2. Originally Posted by Giraffro
Hey, I'm just wondering how to show the following:

Let K be the subset of $\displaystyle L^2([0,1])$ consisting of the equivalence classes of non-negative measurable functions $\displaystyle f$ with $\displaystyle \int_0^1 f(t) \mathrm{d}t = 1$. Show that $\displaystyle K$ is closed in $\displaystyle L^2([0,1])$.
Isn't $\displaystyle \varphi:L^2([0,1])\to\mathbb{R}:f\mapsto \int_{[0,1]}f\text{ }dx$ continuous where $\displaystyle \mathbb{R}$ has the usual topology? (I'm asking) and if so isn't $\displaystyle K=\varphi^{-1}(\{1\})$?

3. Originally Posted by Drexel28
Isn't $\displaystyle \varphi:L^2([0,1])\to\mathbb{R}:f\mapsto \int_{[0,1]}f\text{ }dx$ continuous where $\displaystyle \mathbb{R}$ has the usual topology? (I'm asking) and if so isn't $\displaystyle K=\varphi^{-1}(\{1\})$?
I think the best you can do is say that $\displaystyle \varphi : L^1([0,1]) \to \mathbb{C}, f \mapsto \int_{[0,1]} f$ is continuous. I've also got $\displaystyle \forall f \in L^2([0,1]), \|f\|_{L^1([0,1])} \leq \frac{1 + \|f\|_{L^2([0,1])}^2}{2}$. Also, if $\displaystyle X$ is the subset of $\displaystyle L^2([0,1])$ consisting of the equivalence classes of non-negative measurable functions, then $\displaystyle K = \varphi|_X^{-1}(\{1\})$.
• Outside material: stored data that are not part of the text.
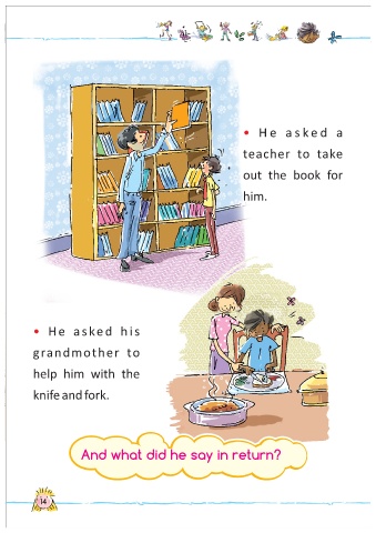 • H e a s k e d a teacher to take out the book for him. • He asked his grandmother to help him with the knife and fork. And what did he say in return? 14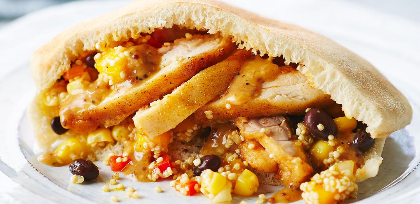 - 5 Using a slotted spoon, fill pita half full with the Quinoa Salad. Add Ginger Ale Chicken and drizzle pan sauce on top.
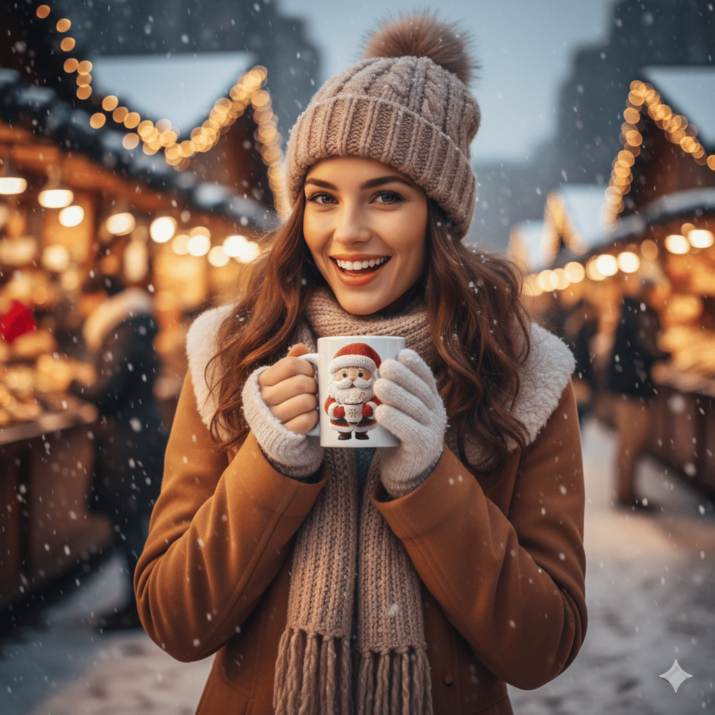 Santa is holding a festive hot chocolate with whipped cream, sprinkles, and a candy cane - perfect for holiday party designs!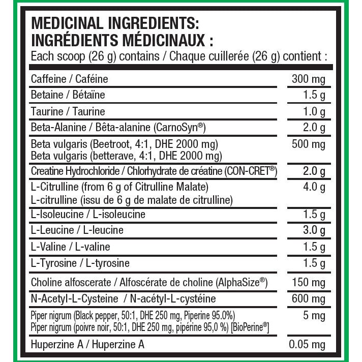 Warnings: DO NOT USE IF YOU ARE UNDER THE AGE OF 18, PREGNANT OR NURSING, HAVE ANY KNOWN OR SUSPECTED MEDICAL CONDITIONS, ARE TAKING ANY PRESCRIPTION OR OVER THE COUNTER MEDICATIONS, OR SENSITIVE TO CAFFEINE. Consult with a qualified healthcare professional before using this or any other dietary supplement. Contains 300mg of caffeine per serving, the equivalent of approximately 3 cups of coffee. DO NOT USE WITH ANY OTHER CAFFEINATED PRODUCT. Too much caffeine may cause nervousness, irritability, sleeplessness and/or rapid heartbeat. Immediately discontinue use and consult your doctor if any adverse reactions occur.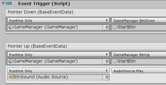 모든 버튼에 EventTrigger 컴포넌트를 추가하여 PointerDown과 PointerUp 이벤트에 함수를 적용했습니다.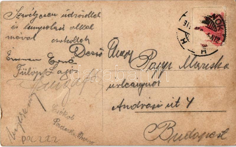 1911 Férfiak söröskorsókkal és hordóval / men with beer mugs and barrel. photo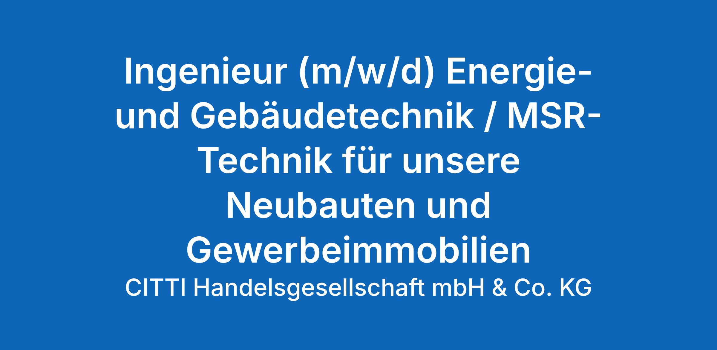 Die CITTI Unternehmensgruppe ist ein expansives national und international tätiges Familienunternehmen mit Sitz in Kiel. Mit unserer Tochtergesellschaft CHEFS CULINAR beliefern wir als Branchenführer im Zustellgroßhandel Kunden in ganz Deutschland und dem benachbarten europäischen Ausland. Neben sechs Einkaufscentern in Norddeutschland, davon in Flensburg, Kiel und Lübeck auch mit eigenen CITTI-Lebensmittelfachmärkten, gehört auch der weltweit tätige Schiffsausrüster HMS Hanseatic Marine Services mit Standorten in Kiel und Hamburg zur CITTI Unternehmensgruppe. Über 10.000 Mitarbeitenden tragen täglich in allen Geschäftsbereichen entscheidend zu unserem Erfolg bei. Zur Verstärkung unseres Teams in der Bauabteilung suchen wir in Vollzeit (38,5 Std./ Woche) zum nächstmöglichen Termin in unserer Hauptverwaltung in Kiel einen Ingenieur (m/w/d) Energie- und Gebäudetechnik / MSR-Technik für unsere Neubauten und Gewerbeimmobilien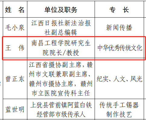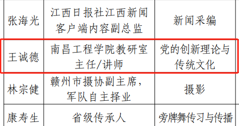 近日,中共江西省委宣传部、省文明办公布了江西省“四个100”文化导师名单,公司bevictor伟德教师王伟、王诚德获聘江西省“四个100”文化导师。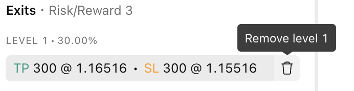 Next to each level, you will also see the percentage of the main order's quantity used in that specific exit level. When this exit level is executed, the position will be closed for the corresponding percentage of its total quantity.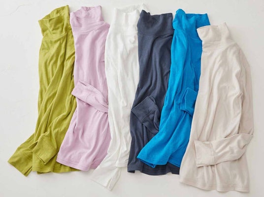 毛布のように暖かく軽い「かるホカ」シリーズからハイネックトップスとカーディガンが登場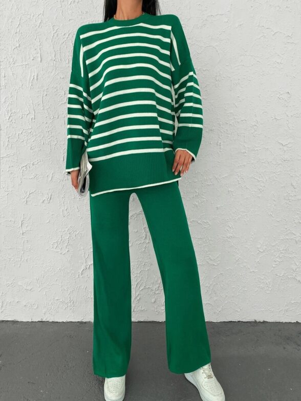 Compleu Tricotat cu Pantalon Suzan Verde cu Dungi Albe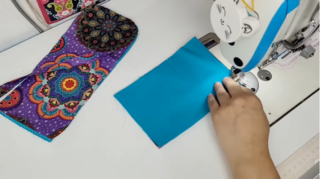 7. Agora passe o tecido do forro para trás e passe mais uma costura no mesmo local.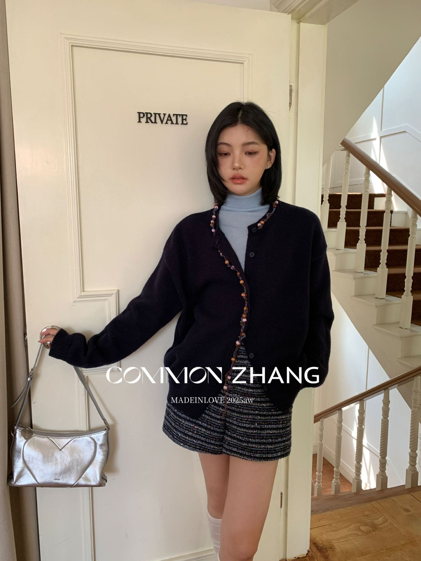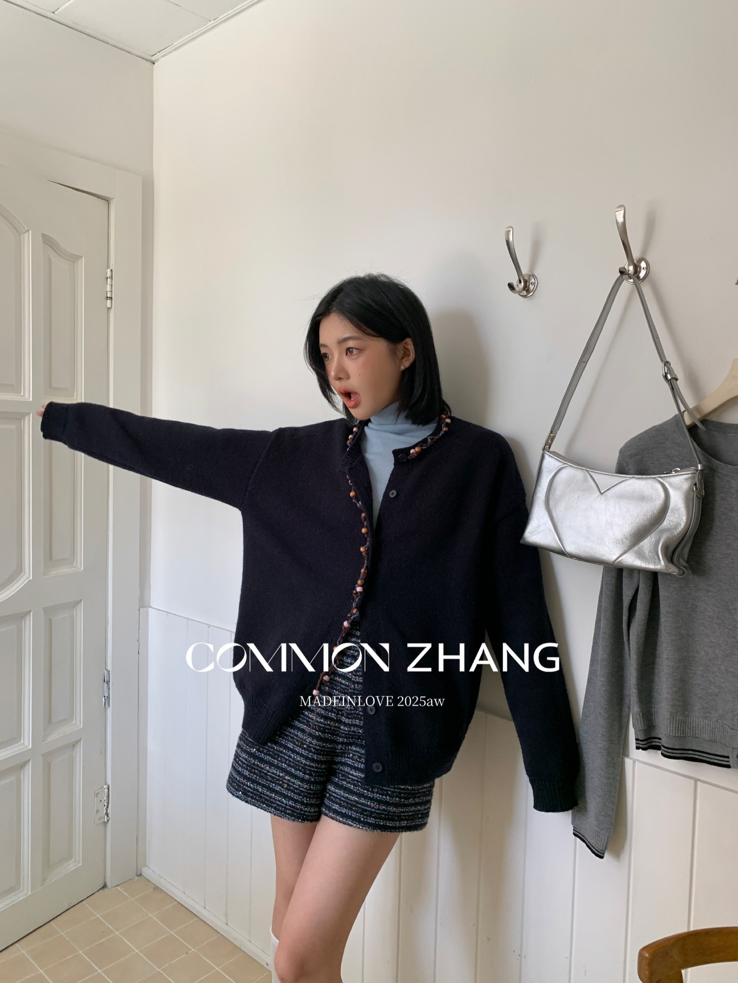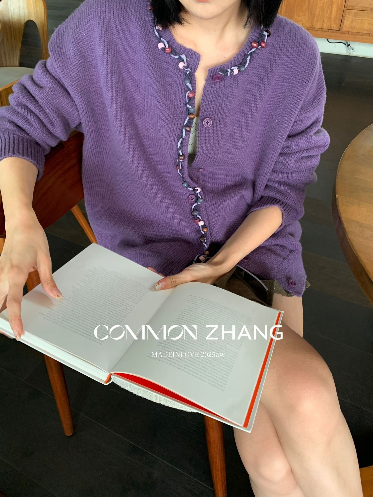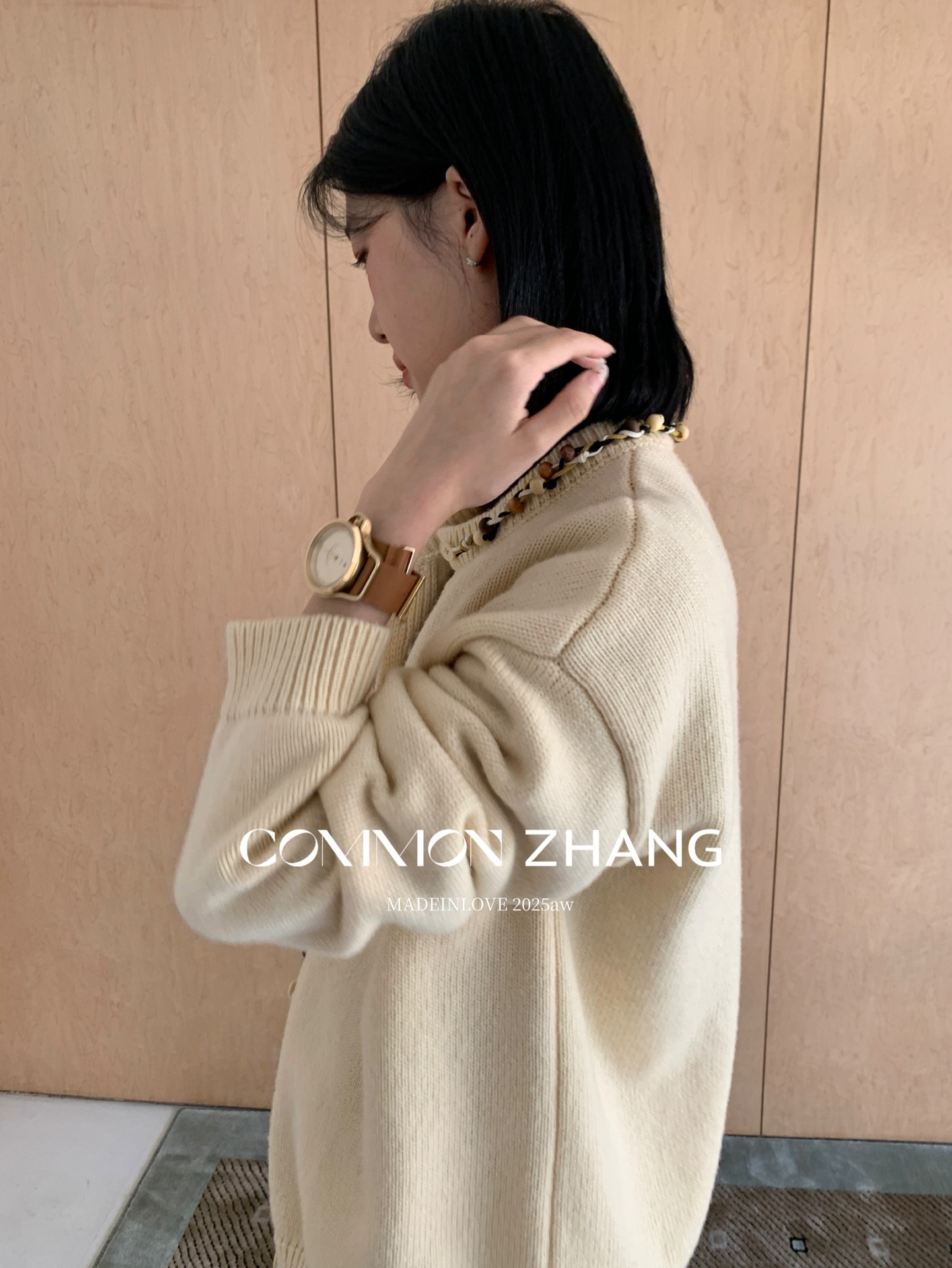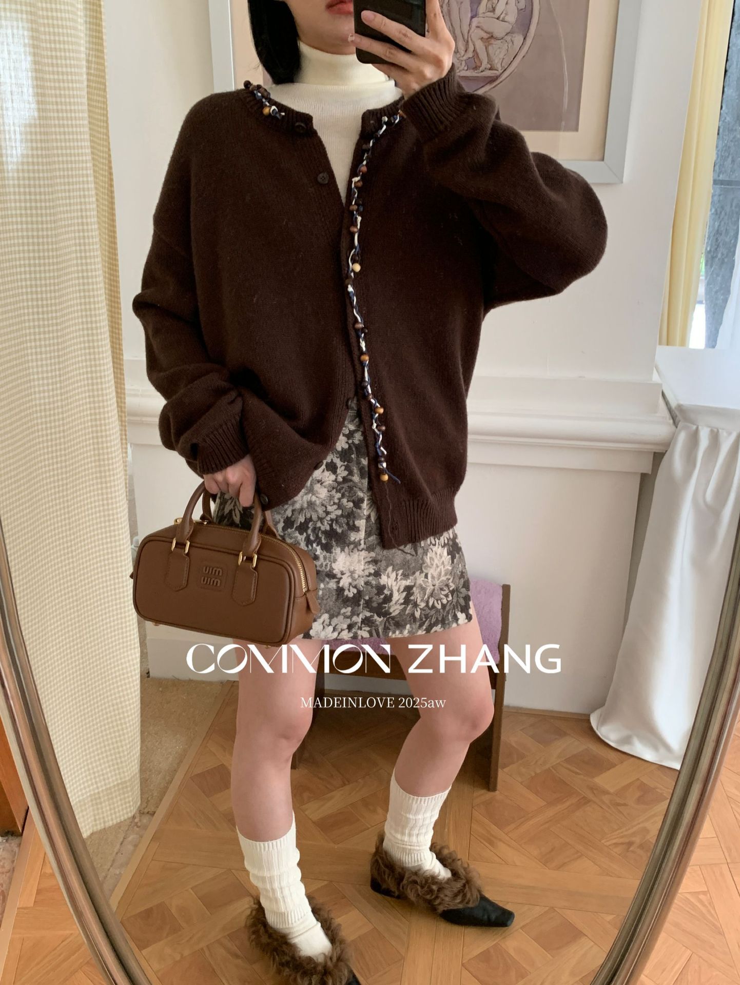 *o-ha-you*【FCZB305883】秋羊毛針織開襟衫女重工撞色釘珠寬鬆休閒毛衣外套-4色

Isn't there a result along the lines of convergence in $\displaystyle L^1$ implies the existence of a subsequence that converges pointwise almost everywhere? I can't seem to find it.

4. Originally Posted by Drexel28
Isn't $\displaystyle \varphi:L^2([0,1])\to\mathbb{R}:f\mapsto \int_{[0,1]}f\text{ }dx$ continuous where $\displaystyle \mathbb{R}$ has the usual topology? (I'm asking) and if so isn't $\displaystyle K=\varphi^{-1}(\{1\})$?
This works fine, but you would have to use one of the following results:

1) If $\displaystyle \mu (X) < \infty$ then $\displaystyle L^p (X) \subset \L^q (X)$ for all $\displaystyle 1\leq q \leq p$

2) If $\displaystyle f\in L^p (X)$ ,$\displaystyle g \in L^q (X)$ where $\displaystyle \frac{1}{p} +\frac{1}{q} =1$ then $\displaystyle fg\in L^1 (X)$ and the for fixed $\displaystyle f$, the map $\displaystyle g\mapsto \int_X fg$is continous (Riesz representation theorem).

Another approach that works for arbitrary $\displaystyle X$ and $\displaystyle p$ is taking $\displaystyle A_m:= \{ f\in L^p (X) : f\geq 0 \, \ f(x)\leq m \ \ \mbox{and} \ \int_X f <\infty \}$ and using the monotone convergence theorem on $\displaystyle f_m = f|_{A_m}$.

5. Originally Posted by Giraffro
I think the best you can do is say that $\displaystyle \varphi : L^1([0,1]) \to \mathbb{C}, f \mapsto \int_{[0,1]} f$ is continuous.
The argument still applies.

Originally Posted by Jose27
This works fine, but you would have to use one of the following results:

1) If $\displaystyle \mu (X) < \infty$ then $\displaystyle L^p (X) \subset \L^q (X)$ for all $\displaystyle 1\leq q \leq p$

2) If $\displaystyle f\in L^p (X)$ ,$\displaystyle g \in L^q (X)$ where $\displaystyle \frac{1}{p} +\frac{1}{q} =1$ then $\displaystyle fg\in L^1 (X)$ and the for fixed $\displaystyle f$, the map $\displaystyle g\mapsto \int_X fg$is continous (Riesz representation theorem).

Another approach that works for arbitrary $\displaystyle X$ and $\displaystyle p$ is taking $\displaystyle A_m:= \{ f\in L^p (X) : f\geq 0 \, \ f(x)\leq m \ \ \mbox{and} \ \int_X f <\infty \}$ and using the monotone convergence theorem on $\displaystyle f_m = f|_{A_m}$.
Hmm, I see.

6. Heh, a slight typo on my post $\displaystyle A_m \subset X$ should be the set that satisfies $\displaystyle f\geq 0$ and $\displaystyle f\leq m$ on $\displaystyle A_m$ otherwise it makes no sense.